Decent Flexibility
On Thursday 8 December at 15.00 hrs, Fred van Haasteren will defend his doctoral thesis ‘Fatsoenlijke flexibiliteit – De invloed van ILO-conventie 181 en de regelgeving omtrent uitzendarbeid’ (Decent flexibility - The influence of ILO Convention 181 and legislation on temporary agency work) at the Academy Building of Leiden University. Supervisor is Professor P.F. van der Heijden.
Temporary agency work: the road to recognition
Within the field of labour law, the position of temporary agency work has always been a source of discussion. Tension exists between the pursuit of flexible forms of employment on the one hand, and the maintenance of decent labour relations on the other hand.
The UN organisation for labour issues, ILO, has addressed the issues concerning private job placement from the time it was established. In the early years, there was a tendency to prohibit private mediation or at least to limit it drastically. But gradually it was seen that temporary agency work, for example, did have positive aspects and that there was no point in a total ban. These developments led in 1997 to ILO Convention 181, which received broad support.
Ongoing discussion
This did not mean that the discussion about non-standard types of work had come to an end. A lack of clarity about the scope of the term contract labour, which also covers temporary agency work, led to much confusion and frustration among the parties.
Consensus was also not reached about what types of labour could be qualified as decent and what types as precarious. One question was whether only job security was at stake or whether income security was more relevant. According to ILO standards, temporary agency work can be qualified as decent.
From the perspective of corporate social responsibility, the business community should take account of human rights. Convention 181 specifies these, also for the temporary employment agencies.
Globalisation also has consequences for labour relations. The trend is that multinationals make agreements with global labour unions. The risk then arises that temporary employment agencies are excluded from the social dialogue.
Regional legislation
Also in the European context, much attention was given to temporary employment. The most important initiative was the Employment Agency Work Directive, which includes the obligation of equal pay and calls for a review of the limitations on temporary employment.
The Netherlands has its own unique form of public-private regulation. A system exists where the longer you work, the more rights you have, reflected in legislation and collective labour agreements, and there is also a certification system.
Is Convention 181 still relevant?
The point of departure for this book was whether Convention 181 is still of any value. After all, there are now all kinds of frameworks within which temporary employment is regulated. In addition, many other flexible types of employment are on the rise for which existing legislation is perhaps not always fully applicable. When addressing these issues, keeping flexibility decent is the main challenge.
Temporary agency work as a type of ‘labour only contracting’ appears to be well organised both nationally and internationally.

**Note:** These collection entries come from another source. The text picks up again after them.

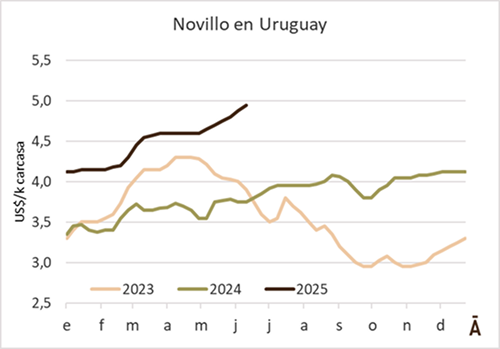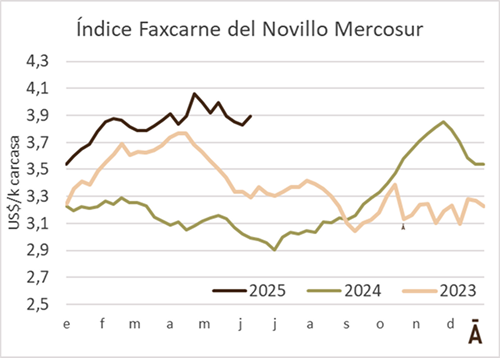 El Índice Faxcarne del Novillo Mercosur ganó 6 centavos en la última semana y llegó a US$ 3,89 por kg a la carne. El destaque semanal se lo llevó la plaza de Brasil, donde el promedio del macho para faena de los estados exportadores subió 15 centavos y quedó en US$ 3,55 por kg a la carne, retornando así a los niveles que tenía a principios de mayo. En la última semana los precios del boi gordo se fortalecieron en reales (+3%), al tiempo que también contribuyó una depreciación del dólar versus el real del 1,5% en la última semana.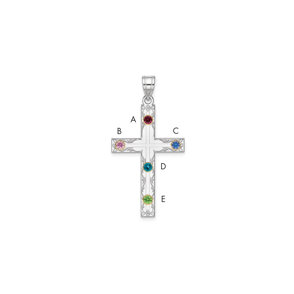 Sterling Silver Rh-Plt/14K Bezel Crystal Family Cross Pendant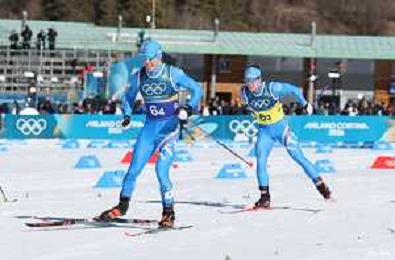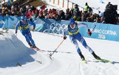 Martino CAROLLO, ITA, Arsi RUUSKANEN, FIN, bib number 9-3, action photo, Men's 4x7.5km Relay Classic/Free at Cross-Country Olympic Winter Games 2025-26 in Milano Cortina, Italy, 2026-02-15, Photo Credit: action press / Julia Piatkowska AG KARMAPRESS-AG ALDO LIVERANI SAS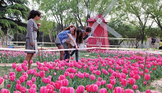 景區(qū)今年的春季大型郁金香花展將迎來米老鼠、蒙特卡羅、金帝等20多個品種近10萬株郁金香花,整個郁金香花占地10余畝。同時,景區(qū)還特意制作了3臺大型荷蘭風(fēng)車,與郁金香花展相互映襯,頗具荷蘭風(fēng)情。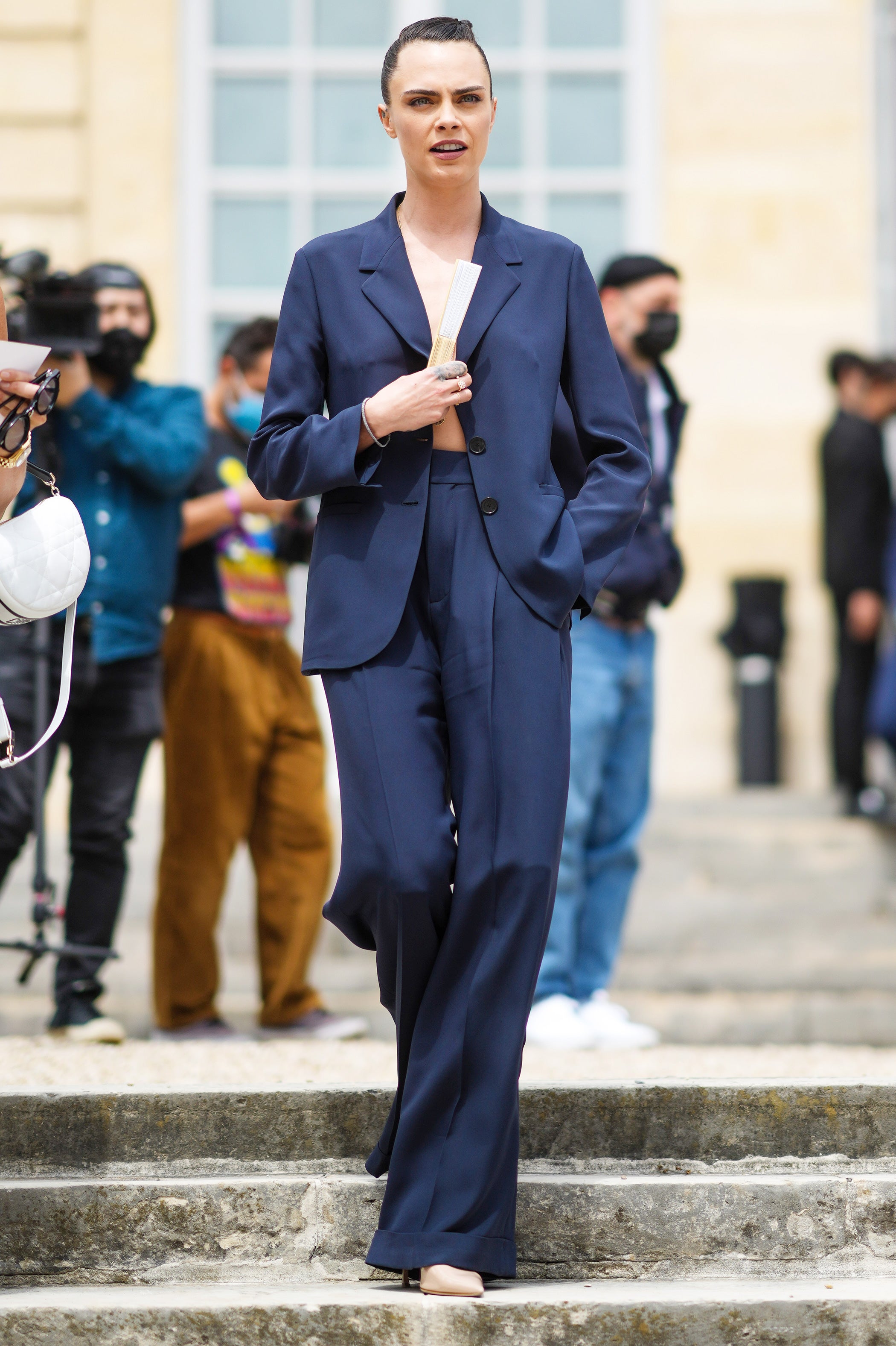The IRL shows also mark the return of street style. In Paris, couture show attendees gave their stamp of approval to one of fall’s biggest upcoming trends: menswear-inspired silhouettes, as was evidenced by designers like The Row, Gucci, Prada, and Alexander McQueen back in April.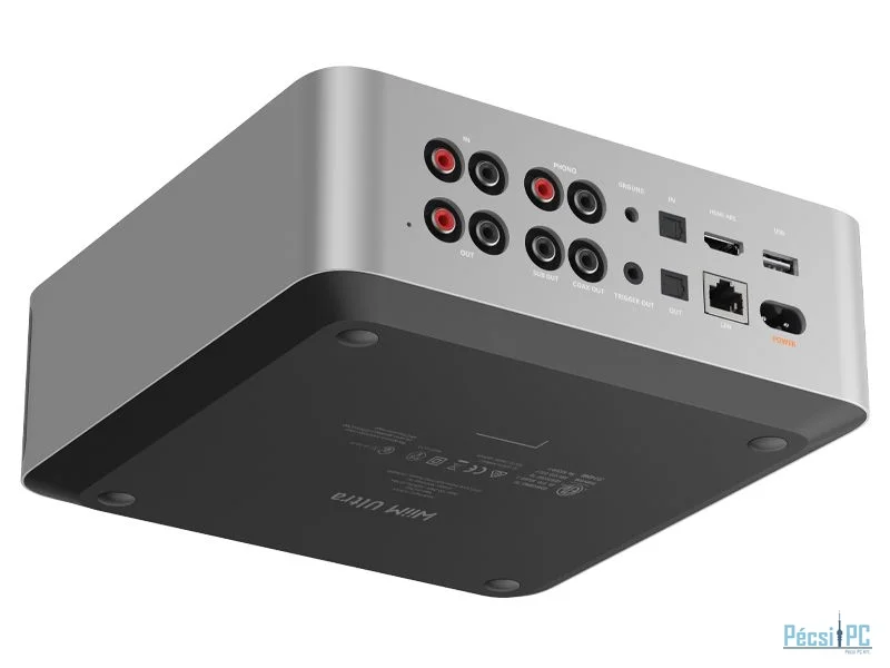 Akárcsak a WiiM AMP esetében; HDMI (ARC) és Phono (MM és MC) bemenetek, valamint subwoofer-kimenet aktív mélynyomó számára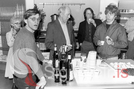 Tekin þegar matvöruverslun var opnuð í kúlúhúsinu 1. apríl 1985. Halldóra Björnsdóttir, Kristján Bogason, Bogi Jóhannsson, Gunnar Kári og Gunnar Bogason.

Fred van Haasteren (1949) began his career as a member of the academic staff of the Stichting Maatschappij en Onderneming (Society and Enterprise Foundation). He worked in the temporary agency branch from 1978 onwards. In 1982 he became a board member of Randstad Nederland and in 1991 he became Vice-President of Randstad Holding. He was also President of the European Confederation of Private Employment Agencies and of the worldwide Confederation of Private Employment Agencies CIETT. He remains a member of the board of the Dutch Labour Standards Association and an independent member of the National Contact Point for the Organisation for Economic Co-operation and Development. The social policy of temporary agencies has always been a key aspect in his activities.